[Record set Boundary: Start]
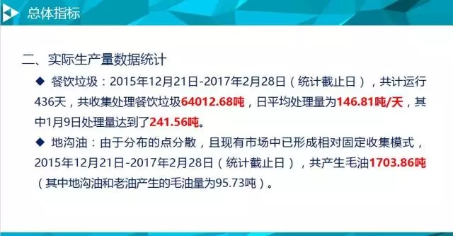 常州市餐廚廢棄物綜合處置一期工程于2014年11月8日正式建設,包括收集、運輸、處理和信息化監(jiān)管等內(nèi)容,是江蘇省第一個由省級行政主管部門審批的餐廚廢棄物處理工程。采用目前國內(nèi)比較先進的技術(shù)路線,其中食物殘余采用“預處理+厭氧消化+沼氣發(fā)電”處理工藝,最終資源化產(chǎn)品主要為電能和生物柴油,工程于2015年12月21日投入試運行,至2017年2月28日,共計運行436天,共收集處理餐廚廢棄物64012.68噸,日平均處理量為146.81噸,其中,最多日處理量達241.56噸。為確保常州人“舌尖上的安全”,二期餐廚廢棄物處理系統(tǒng)將于2019年建成。
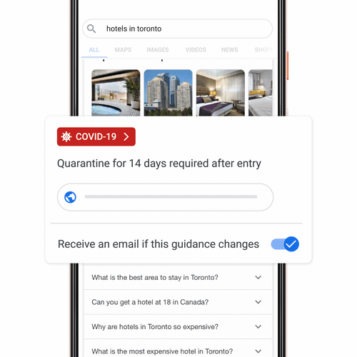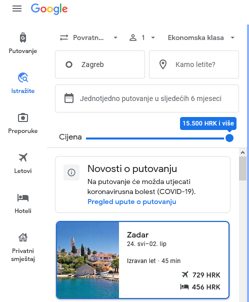 U slučaju pretraživanja letova, hotela ili pak pojedinih aktivnosti koje se mogu povezati s turizmom, Google će, uz rezultate pretraživanja, automatski prikazati i sva upozorenja ili ograničenja vezana uz mjere protiv Covida-19.
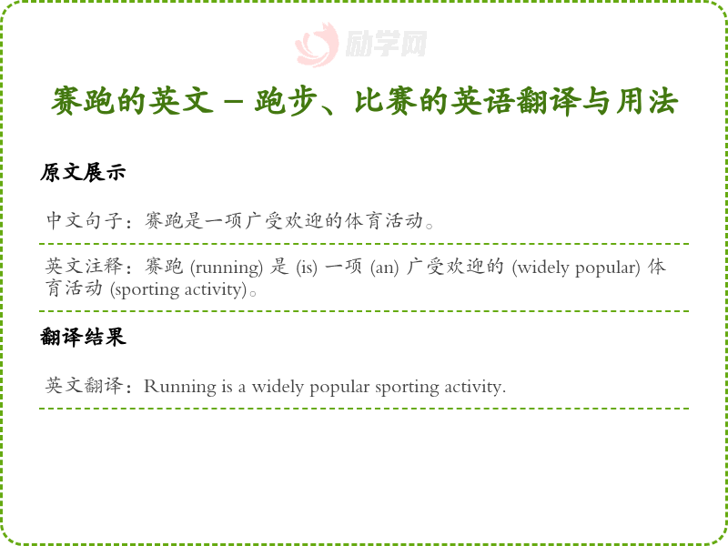 英文注释:赛跑 (running) 是 (is) 一项 (an) 广受欢迎的 (widely popular) 体育活动 (sporting activity)。
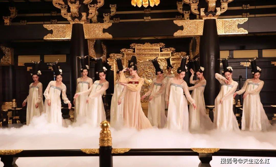 九州池应天门内,是重庆歌舞团的小姐姐在排练《丽人行》。
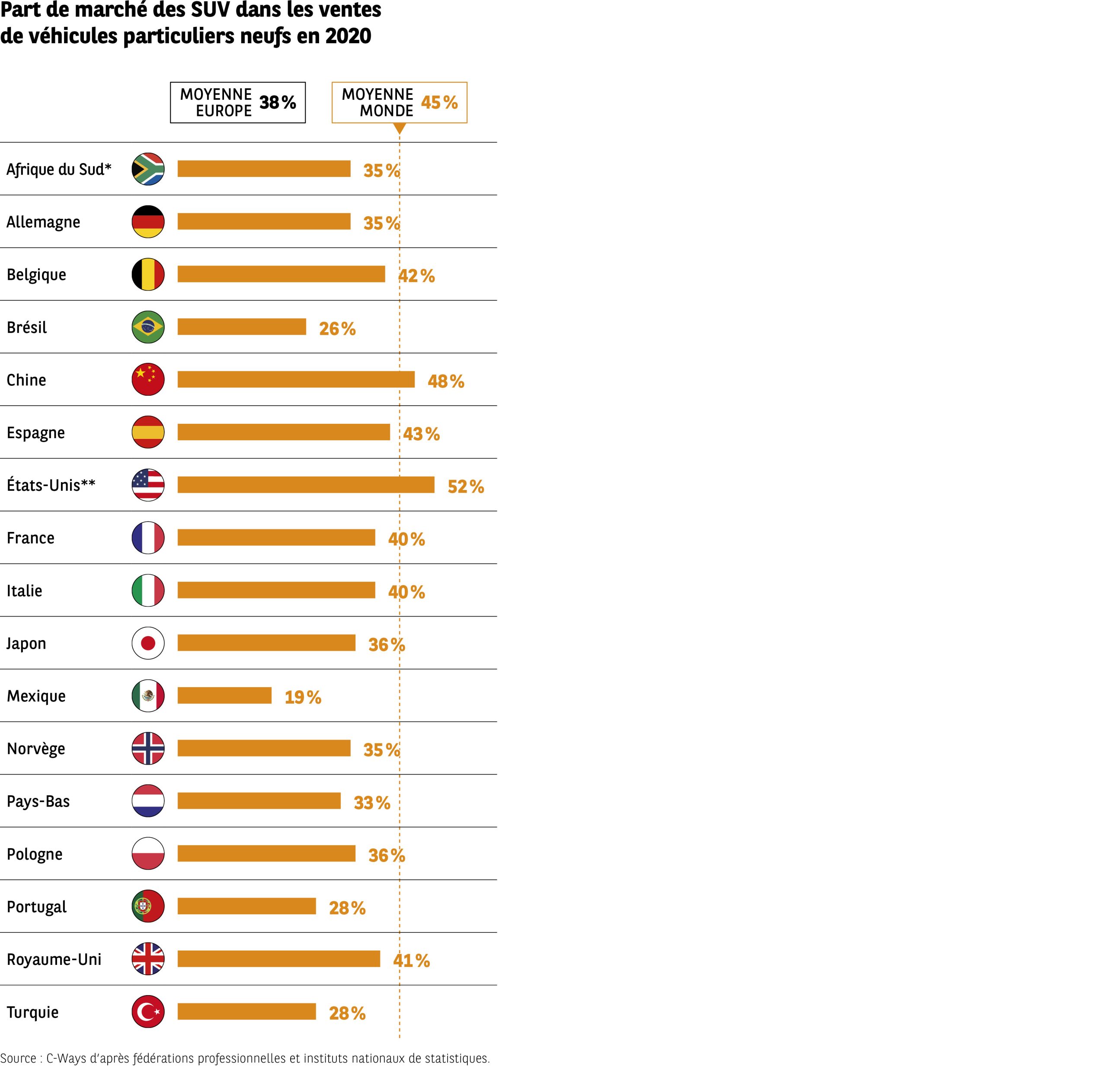 L’infographie compare la part de marché des SUV dans les ventes de véhicules particuliers neufs en 2020. Deux repères sont fournis : moyenne Europe 38 %, moyenne monde 45 %.
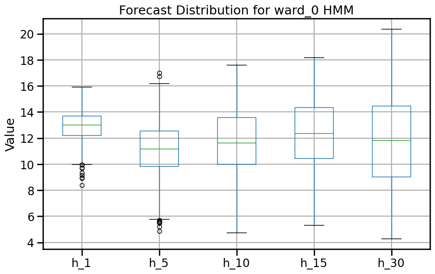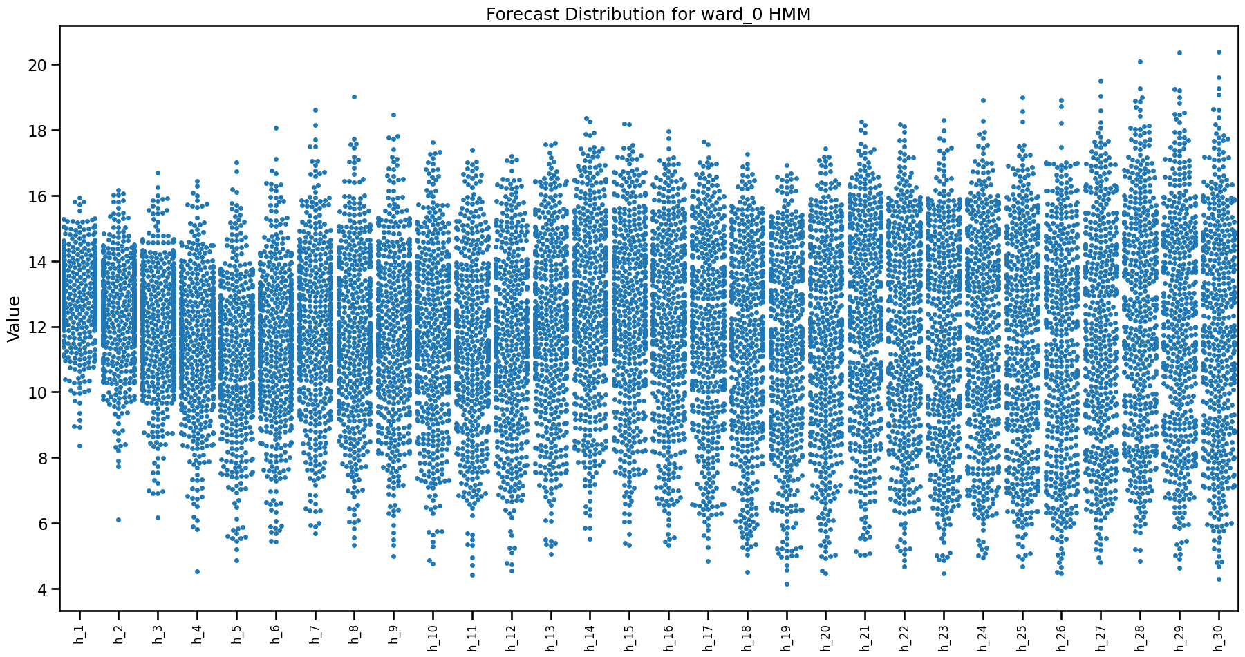 plt.title("Forecast Distribution for ward_0 HMM", fontsize=20)
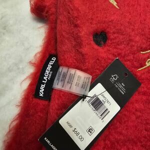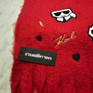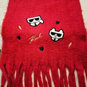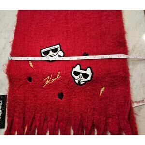 Karl Lagerfeld Paris Red Fleece Embroidered Fringed Long Blanket Scarf / Wrap NWT Fuzzy Chunky with Terry Patches of cat motif - Choupette wearing sunglasses
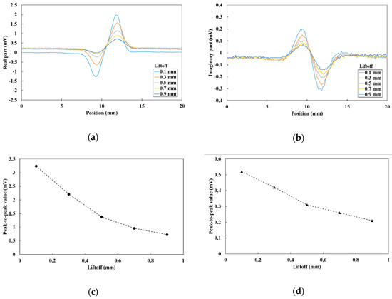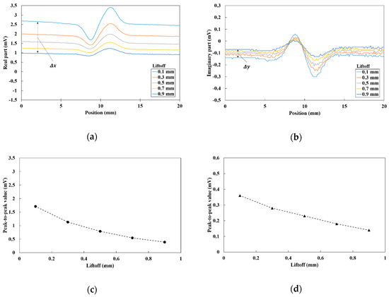 The differential vector was able to be obtained from the dual-channel sensor probe. Figure 7 depicts the liftoff dependence of the differential parameters for the real part () and the imaginary part (). The measurement sample was the flat plate and the frequency was 1 kHz. The sensor probe was vertically line-scanned with different liftoff between 0.1 and 0.9 mm. The peak-to-peak values of the differential parameters are also described (Figure 7c,d). The baselines of the differential parameters at both sides of the slit became almost the same compared to the single parameters, which are described in Figure 6. The magnetic noise seemed to be reduced by the differential value. The peak-to-peak values decreased as the liftoff increased. On the other hand, even when the liftoff increased, the baselines were almost zero. These results mean that the influence of the liftoff variations could be also reduced by the differential value obtained by the dual-channel sensor.
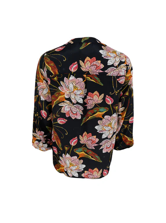 Feminin och unik blus med v-ringning och resår vid ärmar.
[Record set Boundary: End]
§ Your assignment
Your task is to retype exactly the lines that run from the line with "Distribution for ward_0" through the last line of the material, with the pictures left out.

§ Response area
 plt.title("Forecast Distribution for ward_0 HMM", fontsize=20)
 Karl Lagerfeld Paris Red Fleece Embroidered Fringed Long Blanket Scarf / Wrap NWT Fuzzy Chunky with Terry Patches of cat motif - Choupette wearing sunglasses
 The differential vector was able to be obtained from the dual-channel sensor probe. Figure 7 depicts the liftoff dependence of the differential parameters for the real part () and the imaginary part (). The measurement sample was the flat plate and the frequency was 1 kHz. The sensor probe was vertically line-scanned with different liftoff between 0.1 and 0.9 mm. The peak-to-peak values of the differential parameters are also described (Figure 7c,d). The baselines of the differential parameters at both sides of the slit became almost the same compared to the single parameters, which are described in Figure 6. The magnetic noise seemed to be reduced by the differential value. The peak-to-peak values decreased as the liftoff increased. On the other hand, even when the liftoff increased, the baselines were almost zero. These results mean that the influence of the liftoff variations could be also reduced by the differential value obtained by the dual-channel sensor.
 Feminin och unik blus med v-ringning och resår vid ärmar.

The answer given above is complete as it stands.